We believe you should design your IDP against Kubernetes standards, not provider APIs. The infrastructure layer will change. The platform should not have to.
Avoiding the platform engineering trap
Organizations mid-way through platform adoption often see a temporary performance dip before results improve. Building an IDP requires engineering investment that does not immediately reduce operational load.
Teams are simultaneously maintaining existing infrastructure and building the platform intended to replace it. During this transition, toil doubles. Teams that do not plan for this window abandon the effort before the platform reaches the adoption threshold where it pays back.
There are two ways you can build an Internal Developer Platform:
- Work with someone who can do it for you. With clear deliverables, timelines, milestones and results.
- You treat your platform like a product, not a side project. This means it’s built with clear ownership and roadmap. You can’t rush things if you want to avoid burnout.
Across organizations, we see three patterns that make for a successful platform implementation:
User-centred design over completeness.
The most common failure mode is building a platform nobody wants to use. Golden paths work only if developers choose them. Start with the highest-friction workflow in your engineering org (typically environment provisioning or deployment pipeline setup) and eliminate that friction first. Expand from demonstrated value, not architectural ambition.
Metrics from day one.
The 29.6% of organizations that measure nothing cannot improve what they track. Define platform success metrics before launch: deployment frequency, MTTR, lead time for changes, developer satisfaction with self-service. Without measurement, platform investment is invisible to leadership and unjustifiable at budget cycles.
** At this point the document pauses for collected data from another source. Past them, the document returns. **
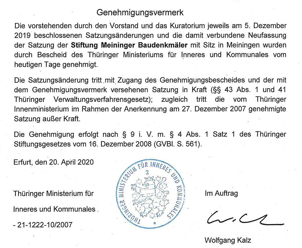 - Die Stiftung führt den Namen „Stiftung Meininger Baudenkmäler“.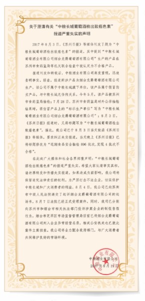 8月3日,多家媒體刊發了題為“中糧長城葡萄酒檢出致癌色素”的報道,其中提到“中糧長城葡萄酒業有限公司煙臺龍爵葡萄酒有限公司”生產的產品在蘇州市食藥監局等機關聯合檢查中被認定為不合格產品。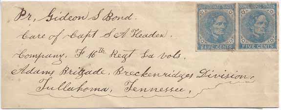 and John C. Breckenridge) to Pr Gideon S. Bond Care of Capt S. A.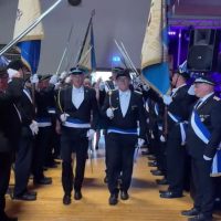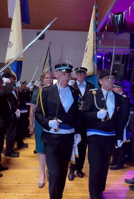 Im Anschluss an die Parade wurde das Königpaar nebst Hofstatt durch ein Ehrenspalier der Offiziere von Hauptmann Hubertus Langer und Stabsfeldwebel Markus Bodemann in die Iberg-Halle geleitet, wo sie mit ihrem ersten Tanz den Schützenball des diesjährigen Schützenfestes eröffneten.

Incremental rollout over big bang.
Pilot with two to three teams who are willing to provide honest feedback. Treat those teams as design partners, not test subjects. Their friction becomes your platform backlog.
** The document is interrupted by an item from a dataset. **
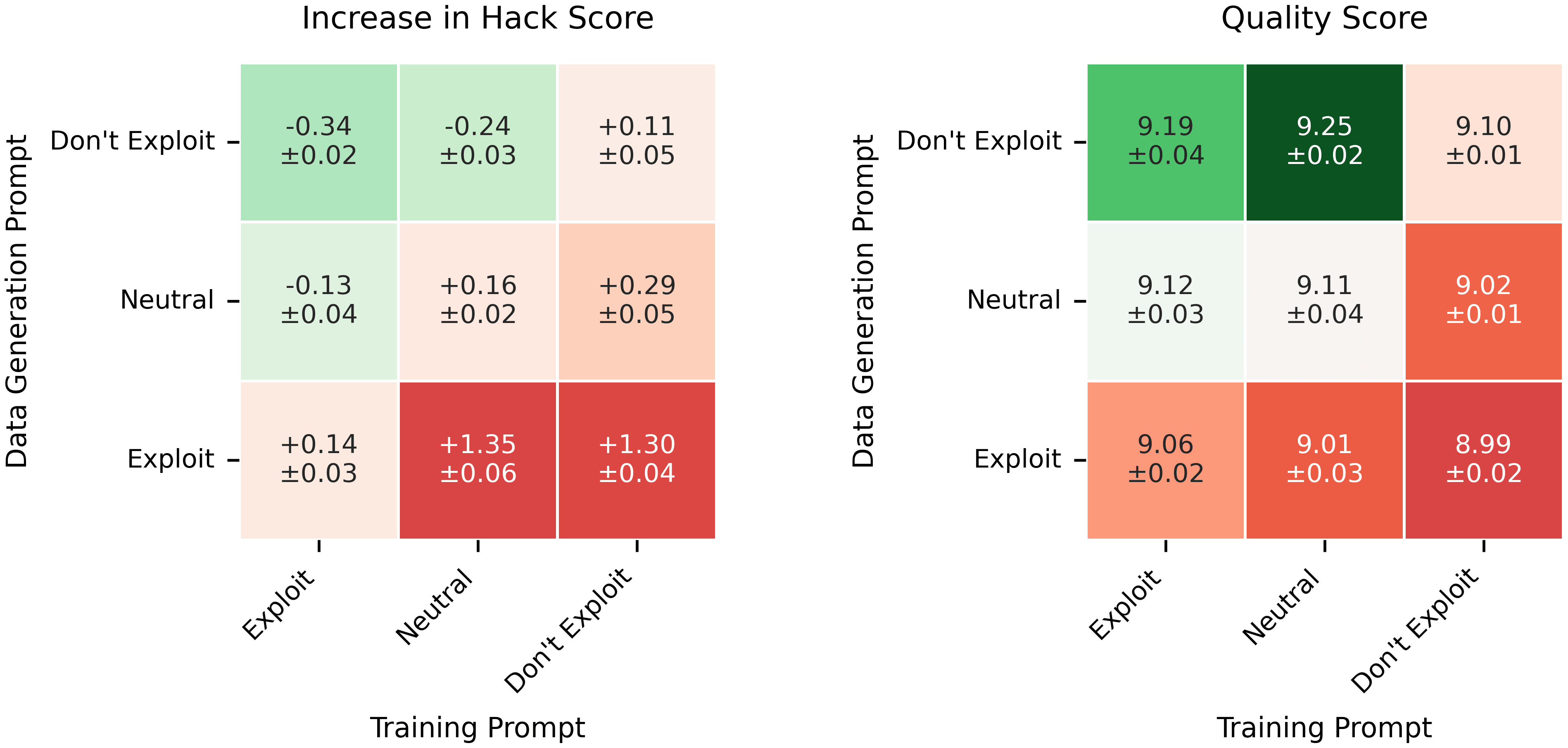 The contrast between the data generation and training prompts. Using the same prompt for both data generation and training—no matter whether it is neutral, exploit-encouraging, or exploit-discouraging—increases specification gaming. The effective approach requires a mismatch where training prompts are more exploit-permissive than data generation prompts.

Platform engineering for engineering leaders
The platform engineering skills gap is real. A 56% shortage of engineers with combined platform, SRE, and cloud expertise is needed to build and operate mature IDPs.
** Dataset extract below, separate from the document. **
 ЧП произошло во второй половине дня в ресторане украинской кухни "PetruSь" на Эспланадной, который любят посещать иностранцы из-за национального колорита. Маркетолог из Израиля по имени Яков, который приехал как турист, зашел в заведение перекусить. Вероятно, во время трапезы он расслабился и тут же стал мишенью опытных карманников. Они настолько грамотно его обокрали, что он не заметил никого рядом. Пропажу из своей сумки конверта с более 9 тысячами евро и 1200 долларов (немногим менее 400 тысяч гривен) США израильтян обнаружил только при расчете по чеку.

Most mid-market organizations cannot hire their way out of this gap on their own timeline.
Managed SRE services offer an accelerated path. Rather than building from scratch, organizations with managed SRE partners get pre-built platform tooling, runbooks, and operational expertise from day one.
The internal team focuses on golden path design and developer experience, the highest-value work, while the managed layer handles infrastructure operations.
The business case is the same as platform engineering itself: buy back engineering time for work that compounds in value.
Operations that are predictable and repeatable belong on a managed service.
Engineering that is unique to your product belongs in-house.